While Halliburton has made a large commitment to the development of equipment and enabling technology, such as grid-powered fracturing, “We are not building anything on spec,” he said.
Some Up, Some Not
Exhibitors said they were happy to be talking to so many people, but their moods were mixed.
For Paul Tubel, chief executive and namesake for his downhole sensor company, Tubel Energy, it felt great to have booked as much business by February as he did last year.
Granted, last year was awful. But this year he is receiving interest from big companies looking for an alternative supplier at a time when unconventional engineering is more focused on data and diagnostics, as evidenced by the conference’s technical program.
Sand suppliers also appear to be on the cusp of some good times. Growing demand for sand for fracturing—with more wells completed, including a significant number that are 3 miles long—is beginning to exceed the capacity of local mines.
Supply shortages began cropping up late last year. Local mines, whose output once far exceeded demand, now are struggling to do so because their capacity has been reduced by years of cost cutting and deferred maintenance during the bad times, said Hunter Wallace, chief operating officer at Atlas Sand.
It will take time, and millions of dollars of outside cash, for mine owners to restore some mines, said Wallace, who is hoping for some longer-term contracts for what Atlas has available to sell.
A chemical supplier pointed out it is not doing as well as sand suppliers. Meeting the demand in this competitive sector has required dealing with a difficult supply chain where some key chemicals are impossible to find, forcing the company to look for substitutes. What can be found costs more.
For Chris Jackson, who oversees sales for Tiger Industrial in Victoria, Texas, the problem is that good pumps are hard to find. While the equipment rental service could rent more pumps, the supply is limited, and many used ones need repairs. Customers who have rented pumps hang on to them, knowing that when returned, they are often rented out within hours.
Aiming for Direct Hits
Longer term, fracturing is a tool that could prove indispensable in geothermal energy development.
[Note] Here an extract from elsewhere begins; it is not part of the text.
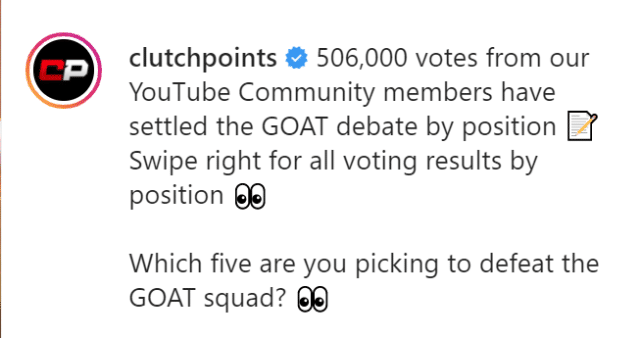 这项投票是分各个位置来进行。魔术师约翰逊得到了12万投票中的51%,乔丹得到了10.3万投票中的77%,詹姆斯得到了10.8万投票中的74%,邓肯得到了8万投票中的80%,而贾巴尔得到了9.5万投票中的50%。从得票比例来看,争议最小的位置是大前锋邓肯,乔丹和詹姆斯也都拿到了所在位置七成以上的票数。控卫和中锋,成为较有争议的位置。魔术师拿到51%的票数,贾巴尔拿到50%的票数。

Doing so will require solving a new generation of fracturing challenges. Essentially what is valuable in geothermal is the opposite of the goal when putting shale formations into production.
While hard, direct, well-to-well hits are often (but not always) an undesirable side effect in oil and gas, the US Department of Energy’s Forge geothermal test site in Utah is an example of similar hits being desirable. The goal there is to create long, high-capacity, well-to-well flow pathways through hot granite to form what amounts to a huge heat exchanger to warm large volumes of injected water.
Specifically, they need to fracture granite, an unfamiliar rock, in ways that consistently create fractures with high connectivity and conductivity between wells up to 600 ft apart, said John McLennan, an associate professor of chemical engineering at The University of Utah, a panelist involved in the project.
A test using wells 300 ft apart will try fracturing one well, mapping the fractures created, and using that information to design a stimulation plan for the second well that completes those pathways.
If this government-funded test shows this to be a workable approach, McLennan said there will be “so many opportunities for the stimulation community and geothermal community.”